Aside from his stand-up tour, he’s preparing to direct and star in Jake, a film about a 15-year-old crystal methamphetamine addict who goes through a family intervention.

But whatever he’s doing, the pain of what he’s lost is never forgotten.

That’s why he’s on the board of the Scleroderma Research Foundation (SRF), which researches the incurable autoimmune disease that killed his sister Gay at 47.

(His other sister, Andrea, died of a brain aneurysm at 34 some years before.)

“I love doing charity stuff,” said Saget. “But it’s nice to come home.”

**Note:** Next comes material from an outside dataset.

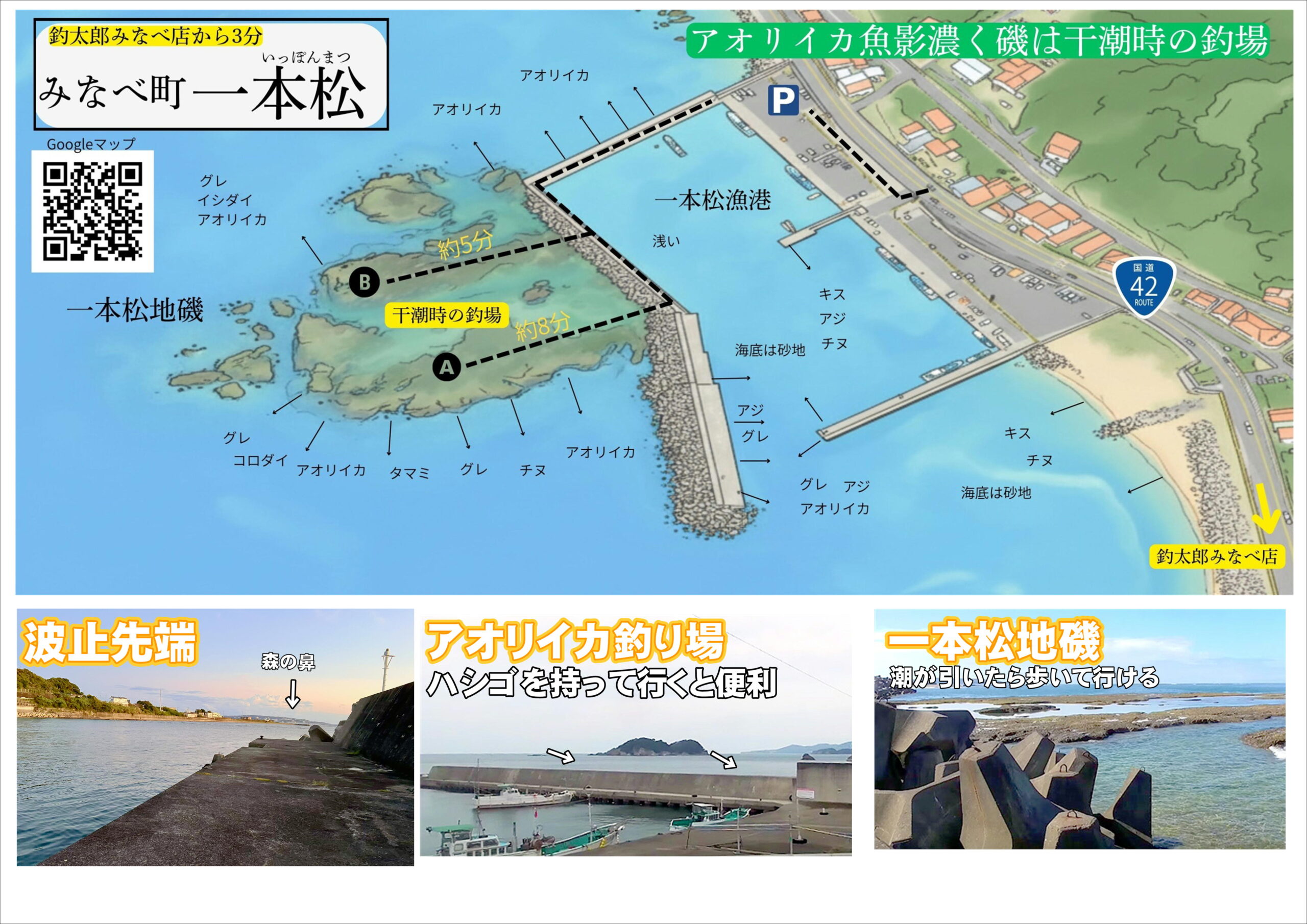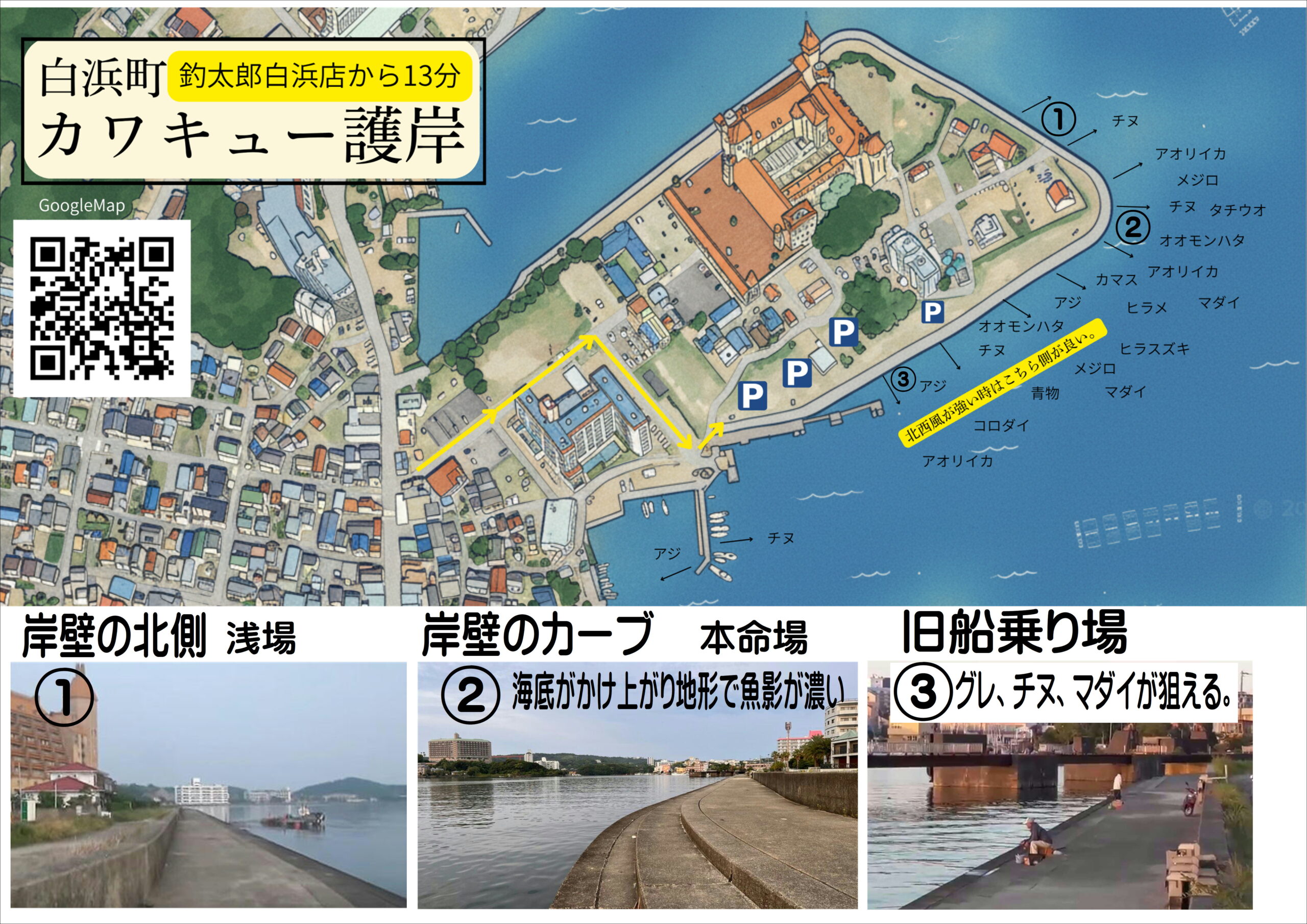 釣太郎では新しく見やすい釣り場地図を数々作っています。 お知らせ 2025.11.22 南紀のアオリイカ釣り場は田辺天神崎しか知らない、という県外釣り人も多いので、 北西風にも強い地図良好場所のマップ作りを進めています。

As much as he looks forward to his visit, Saget is distressed by the cemetery vandalism in his hometown.

“It breaks my heart to see what’s happening now,” he said. “I’m a human being, and I care about all people. To hear about atrocities at a grave site — I have family at Roosevelt [Memorial Park], which is nearby. The first thing I want to do when I get back there is go out and fix a bunch of headstones.

“It’s disgusting how people can act like that because of someone’s religion or race,” he added. “We deal with persecution no matter who and what we are.”

At the Keswick show, Saget will delve into more sober material than he has in the past, having toned down his stand-up since his 2014 Grammy-nominated special That’s What I’m Talkin’ About, which aired on Showtime.

“There’s a lot of serious stuff, like about my mother passing away a few years ago,” Saget said, “but there’s a lot of comedy and a lot of Jewish humor.

“I have more pride now than before about being a Jew,” he continued. “It’s what I am. I’m not very observant, but I like the traditions. And, at this time, when it feels like a fuse is being lit because of ignorance and lack of caring for your fellow man, I show my love through my comedy.”